1. günümüz türkiye'sinde içinde bulunan sınıf kinini çoğu zaman yenilgiciliğe evrilten sosyalistler. günümüzde çoğu sosyalist de kendini sosyalistten önce birçok kavramla tanımlamaya çalıştığından neyin nerede durduğunu kestirmek kolay değil.

    geçtiğimiz günlerde hayatını kaybeden (bir iddiaya göre hayatına son veren) şöyle diyor; "Solcular, güçlü, iyi ve başarılı imajına sahip her şeyden nefret etme eğilimine sahiptirler. Amerika’dan nefret ederler, Batı medeniyetinden nefret ederler, beyaz erkeklerden nefret ederler, rasyonaliteden nefret ederler. Solcuların, Batı ve benzerlerinden nefret etmelerinin sebebi olarak gösterdikleri şeylerin gerçek motivasyonları ile bağdaşmadığı açıktır. Batıdan, savaşçı, emperyalist, cinsiyetçi, ırkçı ve benzeri özelliklere sahip olduğu için nefret ettiklerini söylerler; fakat aynı özellikler sosyalist ülkelerde ya da ilkel kültürlerde ortaya çıktığında, solcular bunlara bahaneler bulurlar ya da en iyi ihtimalle bunların varlığını gönülsüz bir şekilde kabul ederler. Fakat bu kusurlar Batı medeniyetinde görüldüğünde, büyük bir şevkle (ve genellikle abartarak) bunlardan bahsederler. Dolayısı ile bu özellikler, solcuların Amerika ve Batı’dan nefret etmelerindeki asıl sebepler değildirler. Amerika ve Batı’dan, güçlü ve başarılı oldukları için nefret ederler."
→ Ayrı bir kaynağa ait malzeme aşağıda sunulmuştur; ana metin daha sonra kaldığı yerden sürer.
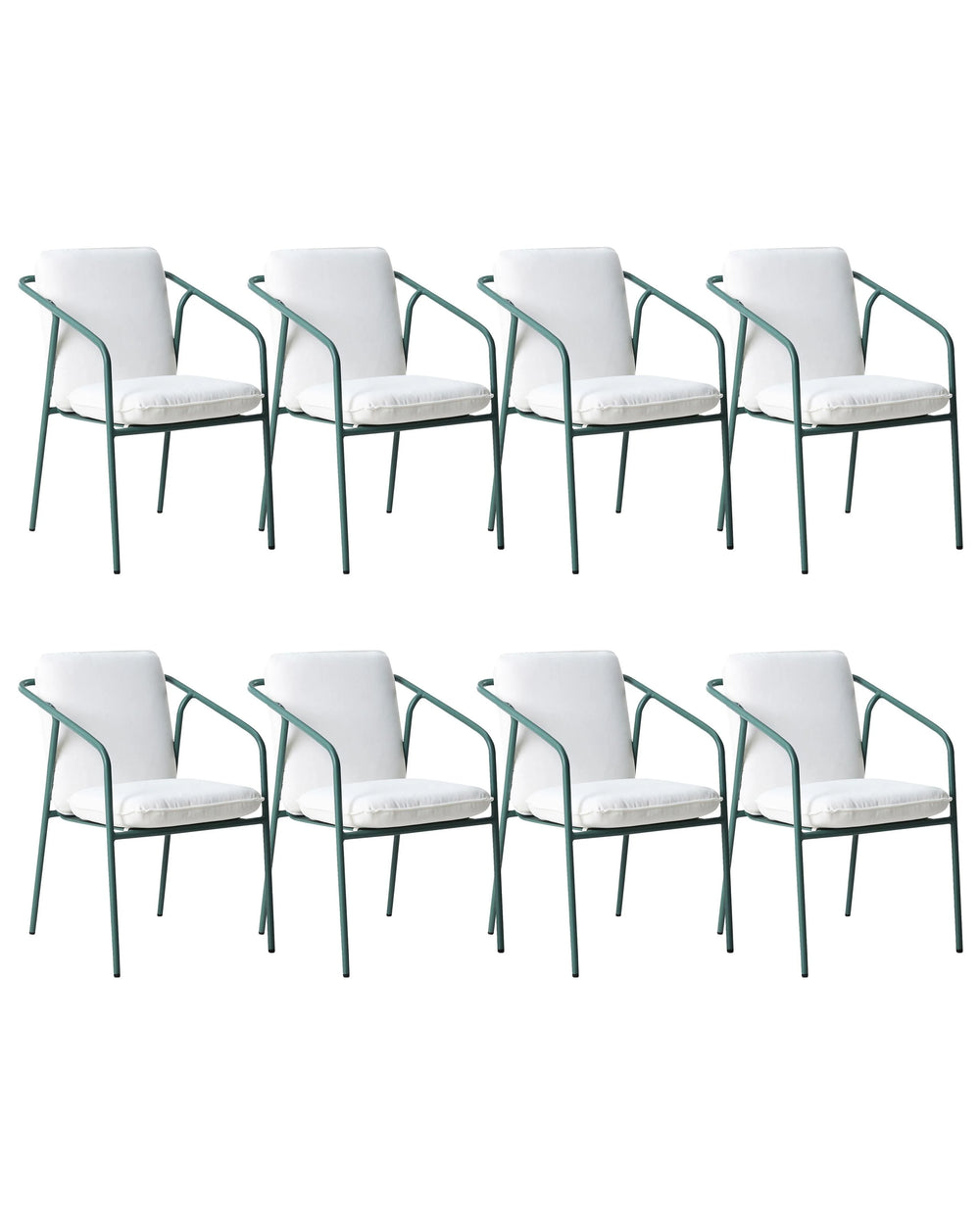 Set of 8 Garden Chairs Green Aluminium Metal Powder Coated with White Cushions Stackable Outdoor Beliani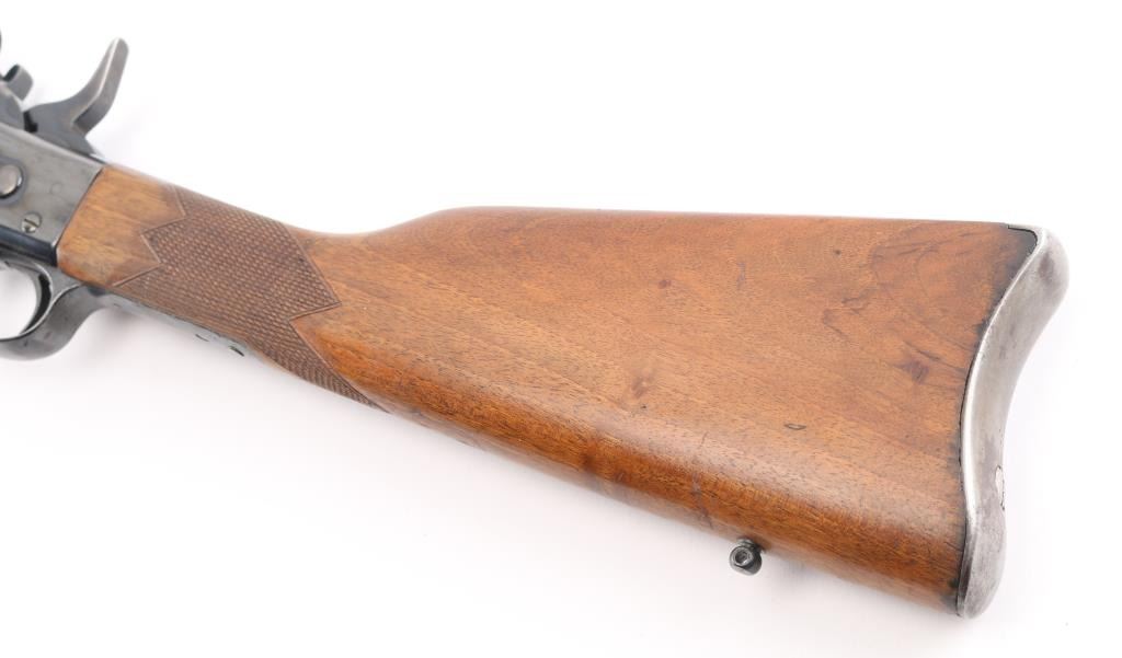 GOOD: Some minor replacement parts; metal smoothly rusted or lightly pitted in places, cleaned or re-blued; principal letters, numerals and design on metal legible; wood refinished, scratched bruised or minor cracks repaired; in good working order.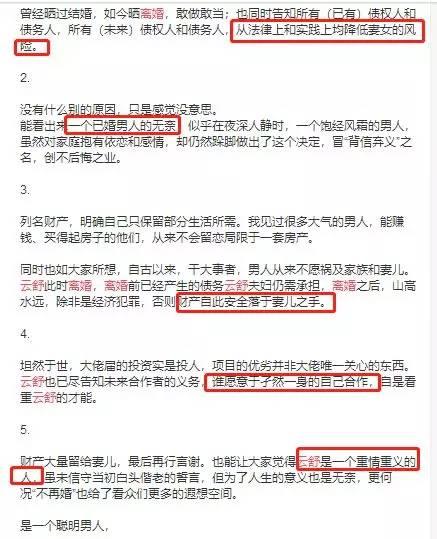 有称赞他敢做敢当,真爷们!也有对他的决定感到不解。有网友表示,这是“创业前的财产分割”,也有网友调侃,“并不是所有人都适合婚姻”,“简称云离婚?”。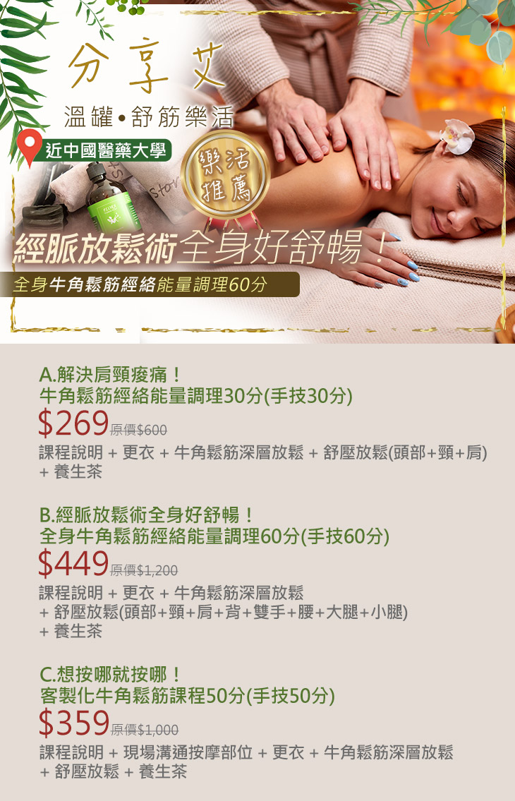 A.解決肩頸痠痛!牛角鬆筋經絡能量調理30分(手技30分) / B.經脈放鬆術全身好舒暢!全身牛角鬆筋經絡能量調理60分(手技60分) / C.想按哪就按哪!客製化牛角鬆筋課程50分(手技50分)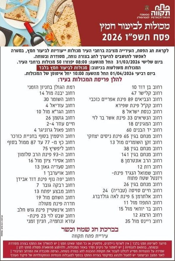 עיריית פתח תקווה נערכת לקראת חג הפסח, ובמטרה לאפשר לתושבים לקיים את מצוות ביעור החמץ בצורה נוחה, מסודרת ובטוחה, יוצבו ברחבי העיר כ-50 מכולות ייעודיות לביעור חמץ.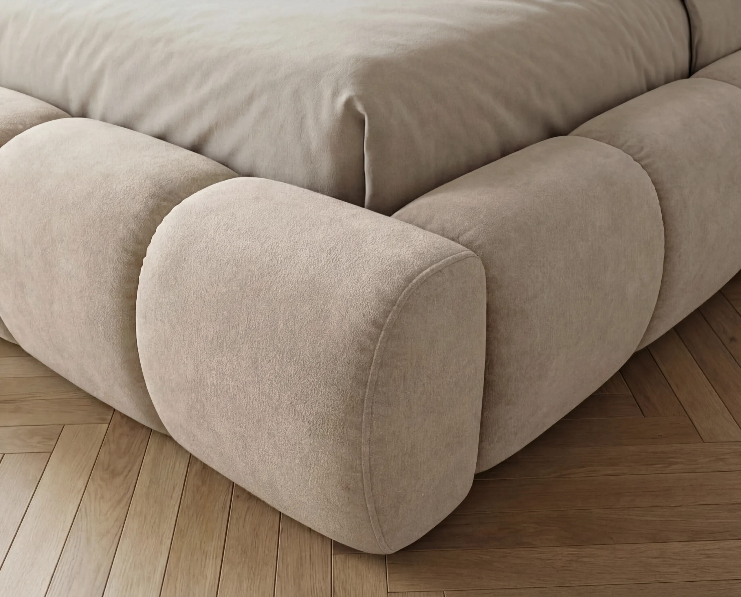 Łóżko zostało wykonane z wysokiej jakości tkaniny łatwoczyszczącej Komodo typu plusz, która jest niezwykle przyjemna w dotyku, a jednocześnie odporna na codzienne użytkowanie. Miękka, welurowa struktura materiału pięknie odbija światło, dodając wnętrzu elegancji i przytulności.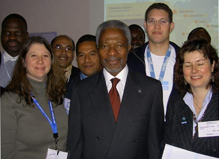 We all beamed as though we were stoned out of our minds (I looked awful but, still, I beamed). He came in and I think I mouthed the word "welcome", but I couldn't really speak -- my voice was gone. The small mob filled our center and completely encircled us, and there was almost a hysteria in the air. It was impossible to talk to him, even if you were right next to him -- everyone was competing for his attention. Someone called for a picture with the UNV staff. So we all squeezed in around him, and he said, "Quickly, quickly." And there was a sudden quiet as everyone focused their cameras, and I thought to myself, self, if you wanted to speak to him, say it now. So I said, in a voice that carried over the shuffling and clicking while we all stared at the cameras, "Mr. Annan, when you are no longer Secretary General, you could be an online volunteer yourself." He laughed, in that way it shows someone has taken by surprise, turned towards me as he walked away and said, "Right."

    bu sözleri tümüyle doğru bulmasam da ülkemizde solcuların, siyasal islamcılarla benzeştiği mağdur olma hazzı maalesef bir türlü aşılamayan engel. bu konuda maalesef fikrim sabit. sosyalistlerin geçmişten bugüne dünyanın hemen her yerinde yaşadıkları zorluklar, ödedikleri bedeller belleğimde yerini koruyor. yine de her şeye rağmen onyıllardır acıyı bal eylemenin hoş bir reklam kampanyasından öteye geçmediğini birçoklarının kabul etmeyeceğini biliyorum. gözaltına alınacağını bile bile zayıf bir gösteri gerçekleştirmeyi ya da birkaç bin kişiden fazlasının ilgisini hatta saygısını dahi kazanamayacağını bilerek ölüm orucuna başlamayı kabullenemiyorum. elbette burada ilk olarak gözaltına alanın, cezaevinde tutanın kusurlu olduğu savunması karşılar bizi. bir sosyaliste göre haklıdır da. yine de geçmiş tecrübelerden (fazla geri gitmeye de gerek yok son 10 yılı incelemek yeterli) bu 'girişimlerin' duvara çarpıp dönen bir toptan farkı olmadığını anlamamız birkaç dakikamızı alır.

    baskıcı yönetimlerde sansür uygulananın kendini çoğunlukla doğru yolda görmesi, belki doğru yolda olması, tekrar tekrar sansüre maruz kalarak haklılığını sık sık teyit edip bundan keyif, toplumun bir bölümünden tebrik alması yalnızca başındaki şişliği büyütür. her seferinde biraz daha sert. batı düşmanı olanlar, solcu olup olmamalarından bağımsız olarak, batı'nın yol ve yöntemlerinin dışında çoğunlukla tembellik edip bir metot geliştirmez ve 'yenilgilerle süslerler' birbirinin benzeri faaliyetlerini. batı'ya her fırsatta eleştiri getirirken maalesef ikiyüzlü olduklarının farkında olmadan aslında batı'nın 'öncü' olduğunu da ikrar ederler. herhangi bir insan hakları ihlali durumunda ilk örnek batı'dan gösterilir veya batı'da böyle bir ihlal meydana gelmesi durumunda üçüncü dünyaya getirilen eleştirilerin kat kat fazlası batı'ya yağdırılır. aslında bu, hem batı'nın öncülüğünü kabulüne hem de batı'da bunların ifade edilebilirliğinin daha yüksek oluşuna işaret eder.

    solcuların genel kabul ve ezberlerin dışına çıkabilmesi birçok şeyi değiştirecektir fakat bunun kısa vadede gerçekleşeceğini öngörmek biraz hayalcilik olur.